* Information shown *
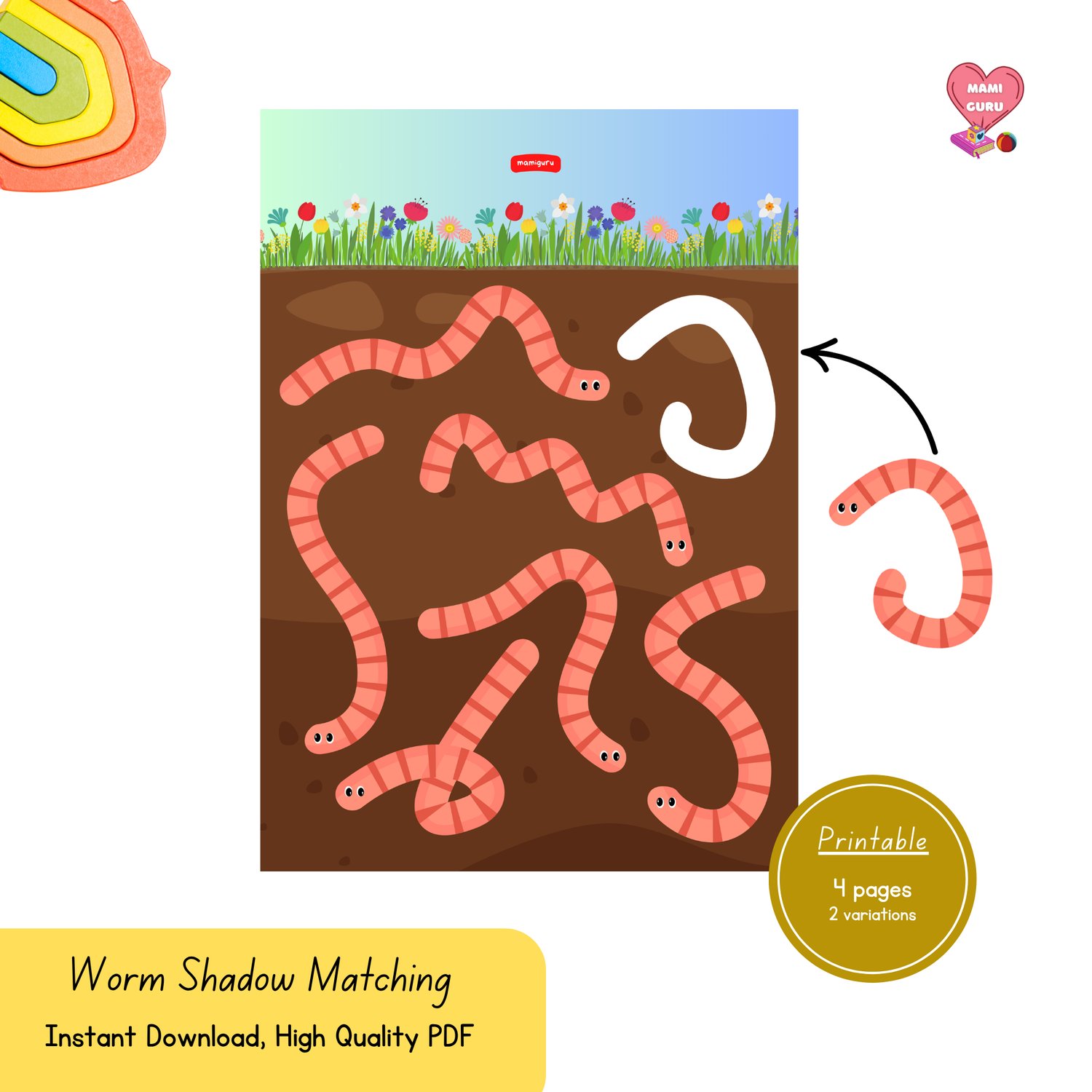 - Shadow Matching Only: Match worm shapes to their shadows using neutral colors (focus on shape)
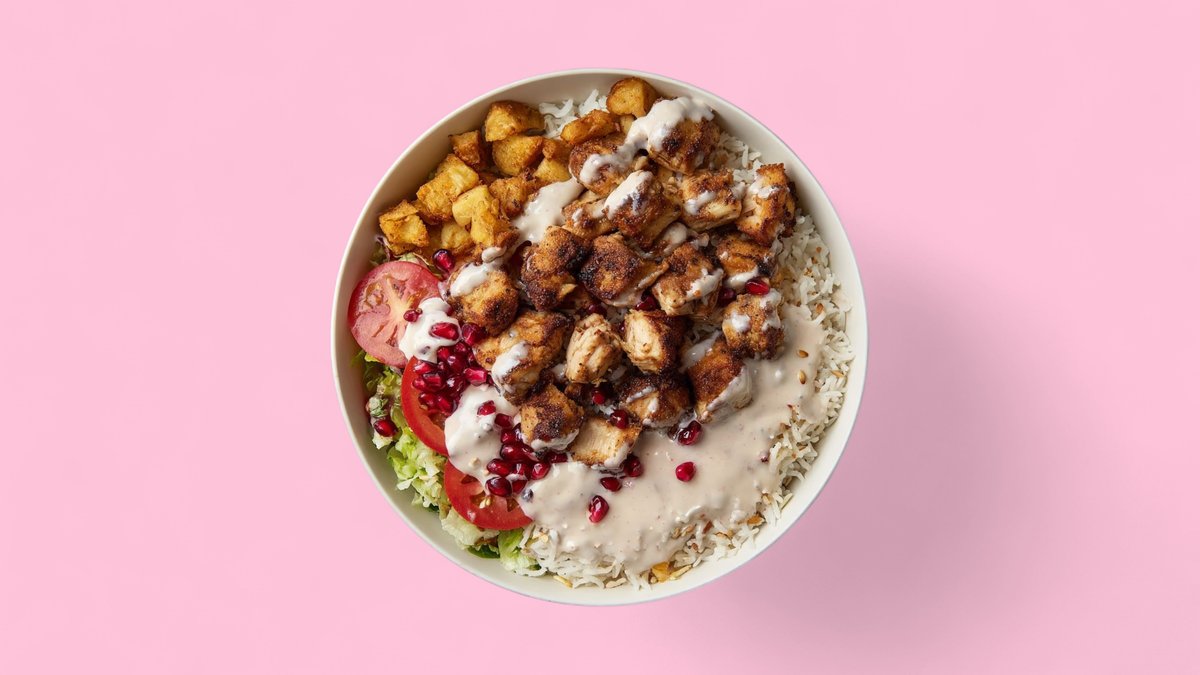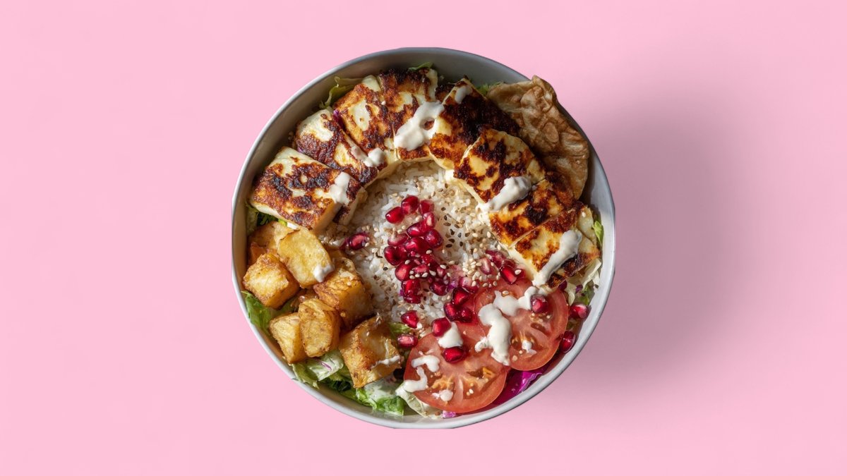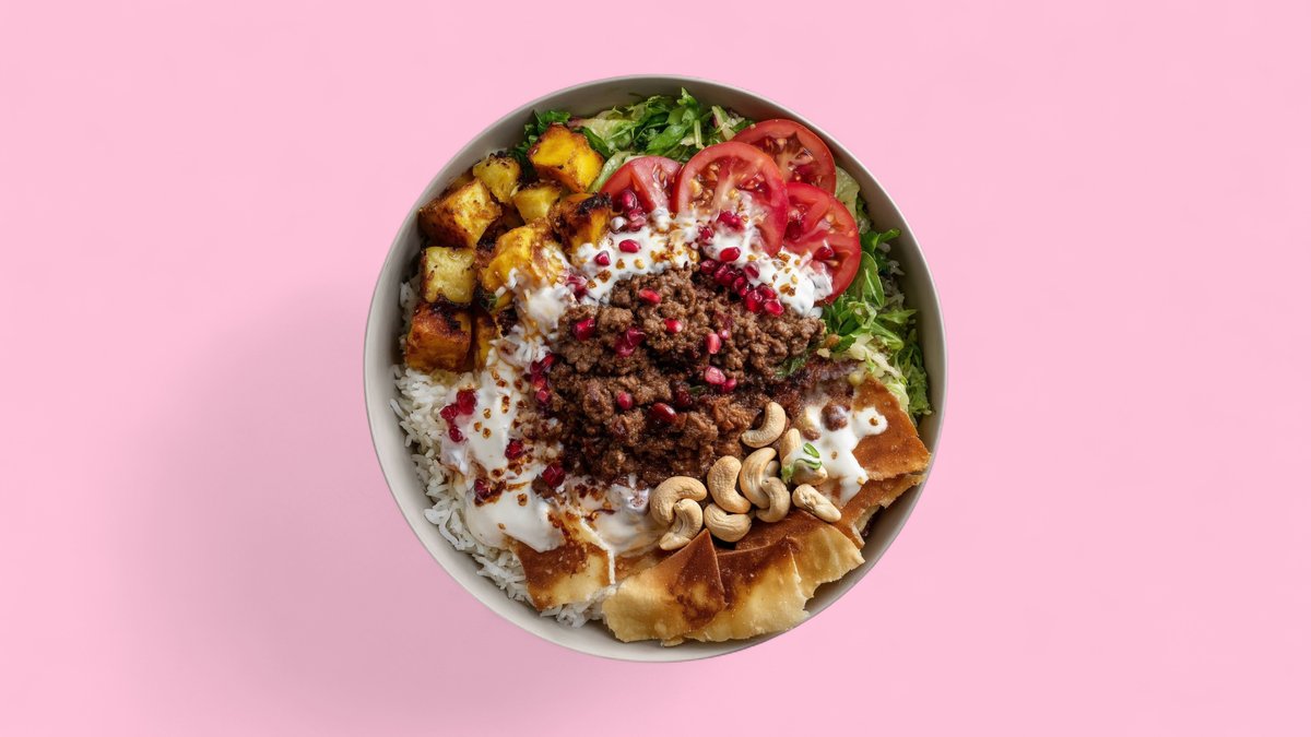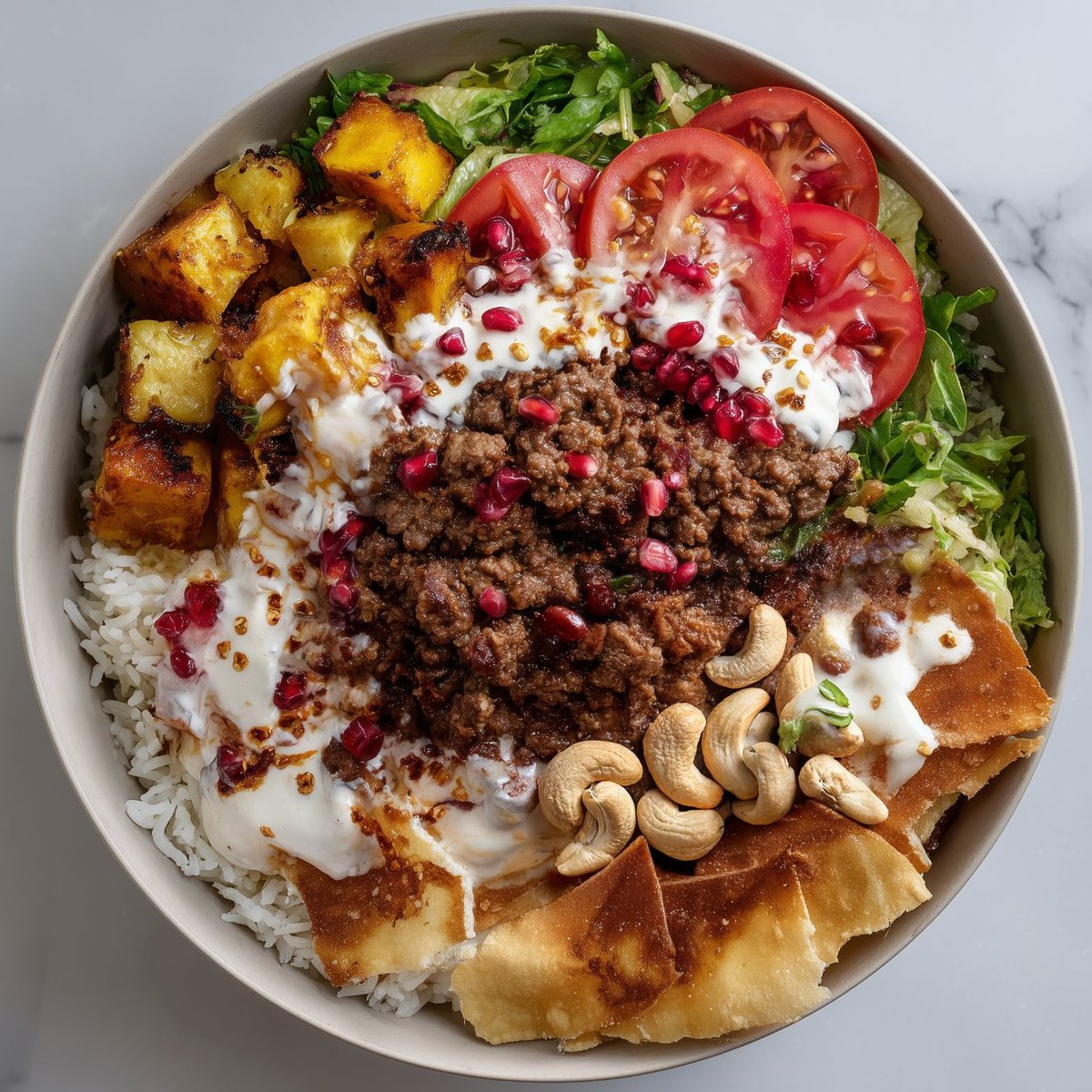 alle Bowls werden mit Basmatireis, Römersalat, Tomaten, eingelegten Gurken, Rettich, Batata Haara, Granatapfelsoße, Cashewnüssen und geröstetem Brot zubereitet
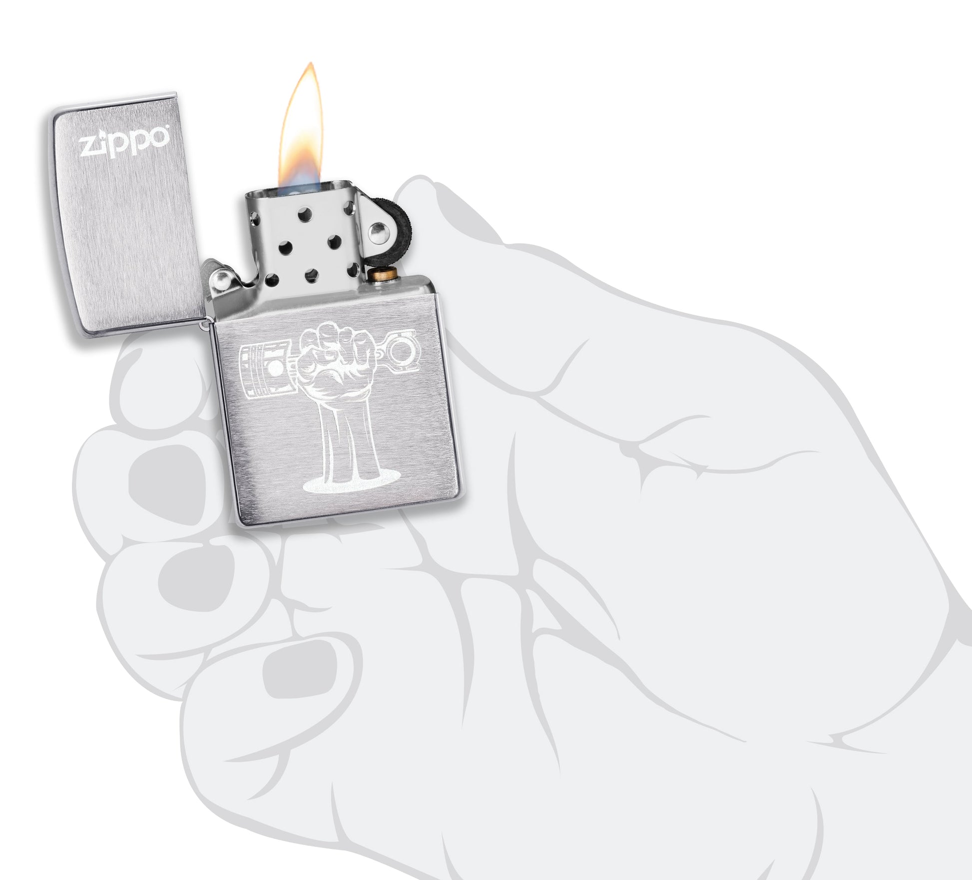 - Genuine Zippo windproof lighter with the unmistakable Zippo "click".
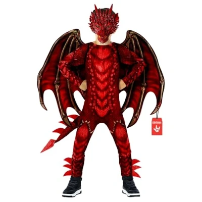 Dragon costume for kids designed as a fantasy creature outfit and mythical dragon suit, worn as dress-up apparel for children who love imaginative monsters and adventure play Created for immersive costume wear with a digitally printed scale bodysuit, lightweight breathable fabric, and flexible seams capable of comfortable movement and all-day play Commonly worn by kids and young fantasy fans as a dragon costume, this creature outfit represents a fire-breathing monster character used by imaginative role players Perfect for Halloween, costume parties, and school dress-up events, this dragon outfit helps recreate fantasy worlds at home, parties, and indoor play locations Worn on the torso, arms, and legs with realistic wing attachments, a hand-painted dragon mask, and a detachable dragon tail, pairing well with sneakers or boots Ideal for children interested in dragons, fantasy creatures, and mythical stories, parents choose this kids dragon costume to spark confidence, creativity, and dramatic play, Manufacturer: Morph
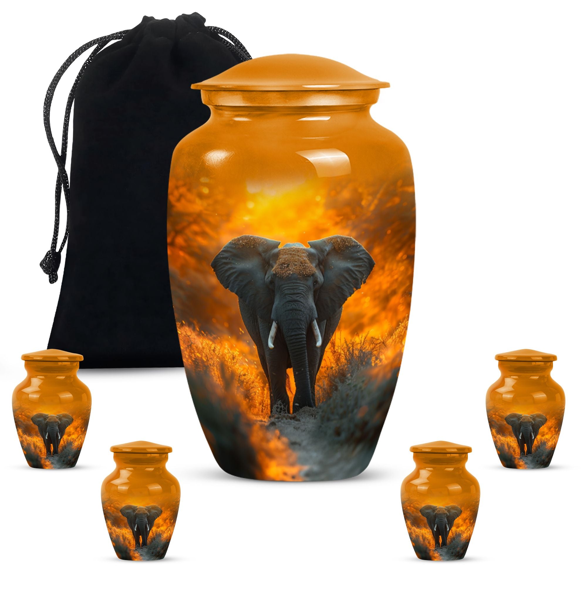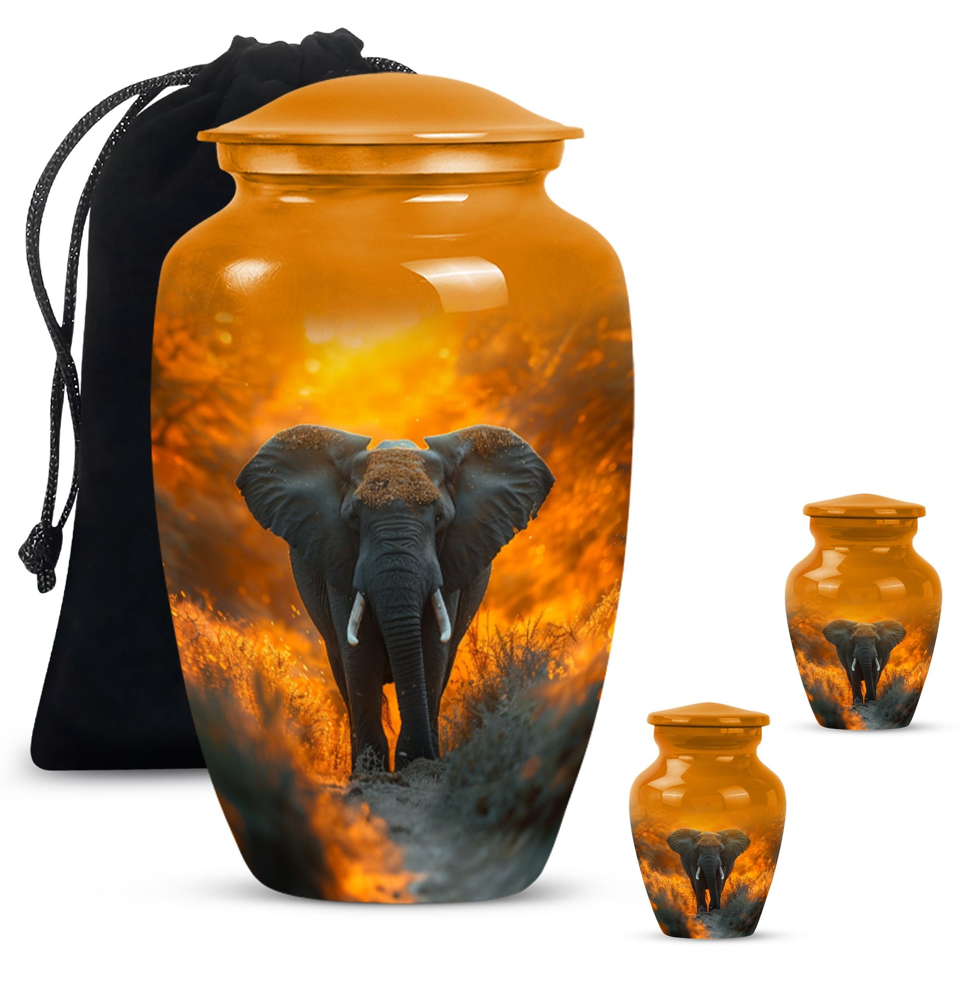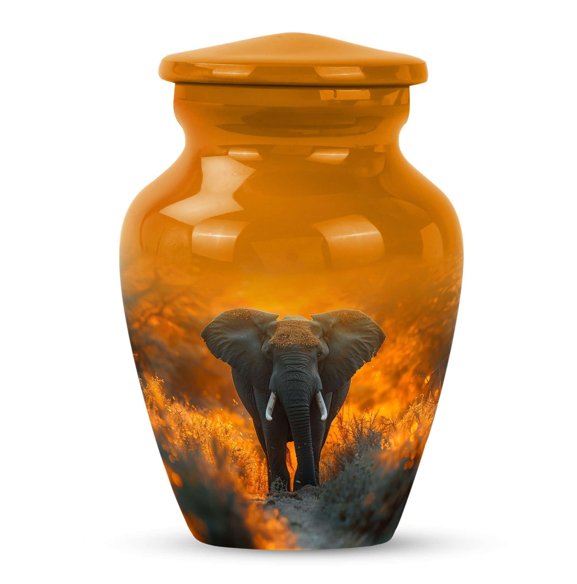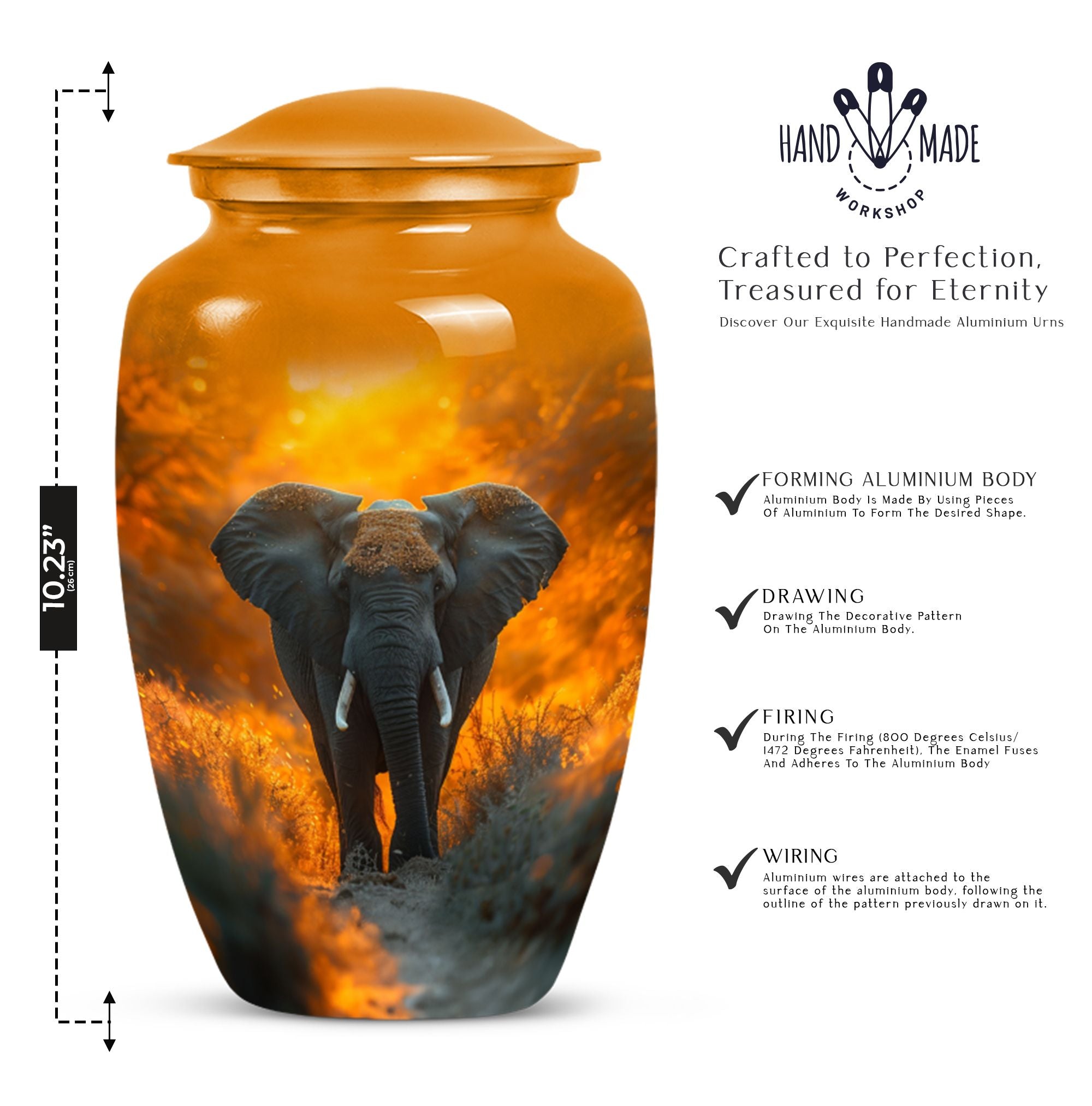 Steeped in meaning, discover our Elephant Urn, an exquisite piece within the memorial urns collection. This large lovingly-crafted 10-Inch urn, weighing 3.3 pounds, is the ideal homage to your beloved and doubles as a timeless keepsake. Captivating in its simplicity, this elegant classic urn is crafted from enduring Aluminium, ensuring it remains a pillar of strength, just as your memories do. With a capacity of 200 cubic inches, there is ample space to contain the ashes, securely housed in a sophisticated velvet pouch. Our urn can also be personalized, providing a poignant touch with engraved names adding a heartfelt sentiment. Honour their memory with our enchanting ‘Butterfly’ theme, a symbol of hope and rebirth, emanating a serene ambiance. With our funeral ashes urns, including our Large Cremation Urns for Men, find solace in knowing their presence remains a comforting constant within the home. Our meticulously crafted cremation urn serves as a beautiful tribute to your loved one, a metal urn for ashes adult male, embodying strength, and resilience in its design.
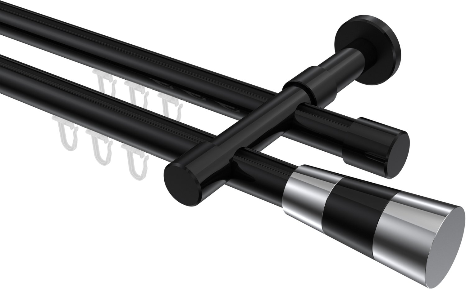 Gardinenstangen mit Innenlauf aus Aluminium / Metall in 20 mm Ø, 2-läufig, Modell PRESTIGE - Tanara Schwarz
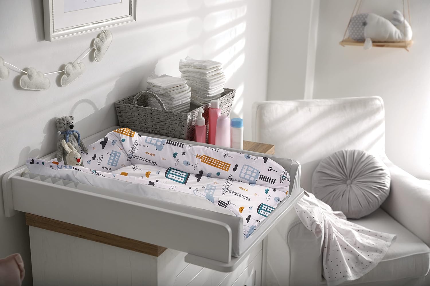 - 🔶 Die Wickelauflage ist aus qualitativ hochwertiger , zertifizierter und für das Kind völlig sicherer Baumwolle gefertigt. Zudem ist sie sehr praktisch und in der Waschmaschine leicht zu reinigen.

* Exercise aim *
Your reply should be the lines of the records from the start through the line with "alle Bowls werden", copied word for word, pictures omitted.

* Reply *
 - Shadow Matching Only: Match worm shapes to their shadows using neutral colors (focus on shape)
 alle Bowls werden mit Basmatireis, Römersalat, Tomaten, eingelegten Gurken, Rettich, Batata Haara, Granatapfelsoße, Cashewnüssen und geröstetem Brot zubereitet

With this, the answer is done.